Compiler Switches for Intel® VTune™ Amplifier XE for Linux*

 

Introduction :
Intel® VTune™ Amplifier XE for Linux* can analyze most native binaries. However, some settings make analysis easier.

Useful Settings for Intel VTune Amplifier XE for Linux:

Switch

Purpose

-g
(highly recommended)

Intel VTune Amplifier XE uses the symbols to associate addresses to source lines.

Additionally, this is one of two methods needed to properly walk the call stack in "User mode sampling and tracing analysis" (Hotspots, Concurrency, and Locks and Waits) 1

"Release" Build
(i.e: -O2)
(highly recommended)

The time required to execute a section of code may change if you don't use your normal production switches (Not -O0). This could cause you to analyze and attempt optimization on a section of code that is not a performance problem.

-shared-intel
-shared-libgcc2
(recommended)

These switches make it easier for Intel VTune Amplifier XE to run "User mode sampling and tracing analysis" (Hotspots, Concurrency, and Locks and Waits)

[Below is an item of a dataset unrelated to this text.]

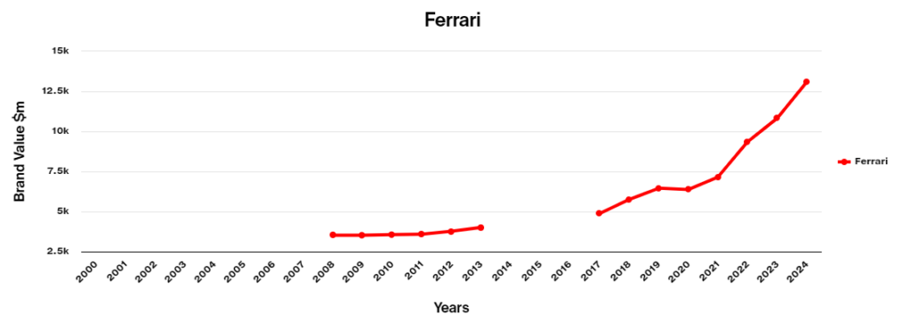 Il grafico qui sotto mostra il trend di crescita del brand Ferrari, dal 2008 ad oggi.
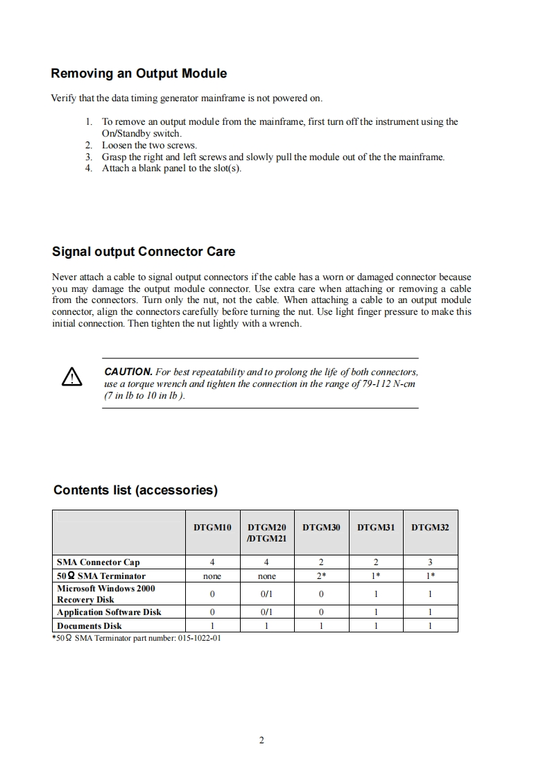 Installing the Output Module inthe DTG5000 series Data Timing GeneratorThe DTG5000 Series Data Timing Generator mainframe and output module(s)are shipped separately.The DTGM10,DTGM20,DTGM21,DTGM30,DTGM31 and DTGM32 are output modules that canbe used with the DTG5000 mainframe.These modules can be used in any combination and in any slot.There are functional differences between slot A though slot D and slot E though slot H.Refer to theMainframe and Output Configuration subsection in the DTG5000 User Manual.It is recommendedthat you use slot A when only one output module is installed in the mainframe.Electrostatic DischargeTo prevent electrostatic damage to the DTG5000 Series output modules,follow the precautionsdescribed below.CAUTION.Output modules are inherently vulnerable to a static damage.Be sure to operate the output module in a static-controlled environment.If theoutput module is not going to be in use for an extended period of time,attachthe connector caps and SMA termination (DTGM30,DTGM31,DTGM32)tothe output module.Store the output module in the antistatic bag.Theconnector caps and SMA terminations (DTGM30,DTGM31,DTGM32)areprovided with your output module.Installing an Output ModuleTo install the output module,first turn off the instrument using the front panel On/Standby switch.CAUTION.To prevent damage to the output module or mainframe,neverinstall or remove an output module when the mainframe is powered on.Avoidtouching the board surface or connectors with your fingers when you handlethe module.Attach the blank panel to the slot(s)when the output module(s)arenot installed1.Verify that the data timing generator mainframe is not powered on.2.Remove the blank panel from the mainframe slot.3.Align the output module with the slot.4.Gently push the output module into the slot using firm pressure.5.Once the module is seated,tighten the two screws with either a flat head or a Philipsscrewdriver to secure the module to the mainframe.To prevent damage to the module,use atorque screwdriver and tighten the screw to the range of 25 to 35 N-cm 2.2 in lb to 3.1 in Ib )Tektronix071-1616-00

These settings allow Intel® VTune™ Amplifier XE to differentiate libm and C runtime calls from your code via the 'call stack' mode.

-debug inline-debug-info
(Intel Compiler on Linux)

This switch enables the Intel® C++ Compiler for Linux* to associate the symbols for inlined functions to the inlined function vs the caller.

This mode is the default for GCC 4.1 and higher

See –fno-inline below for more info

 

Useful Settings for applications using Intel® Threading Building Blocks:

Switch

Purpose

-D
TBB_USE_THREADING_TOOLS
(recommended)

Defining this enables full support of Intel TBB for VTune™ Amplifier XE. Note: This macro is automatically set if you compile with -D_DEBUG or -DTBB_USE_DEBUG.

Without TBB_USE_THREADING_TOOLS set, VTune™ Amplifier XE will not properly identify concurrency issues related to using TBB constructs.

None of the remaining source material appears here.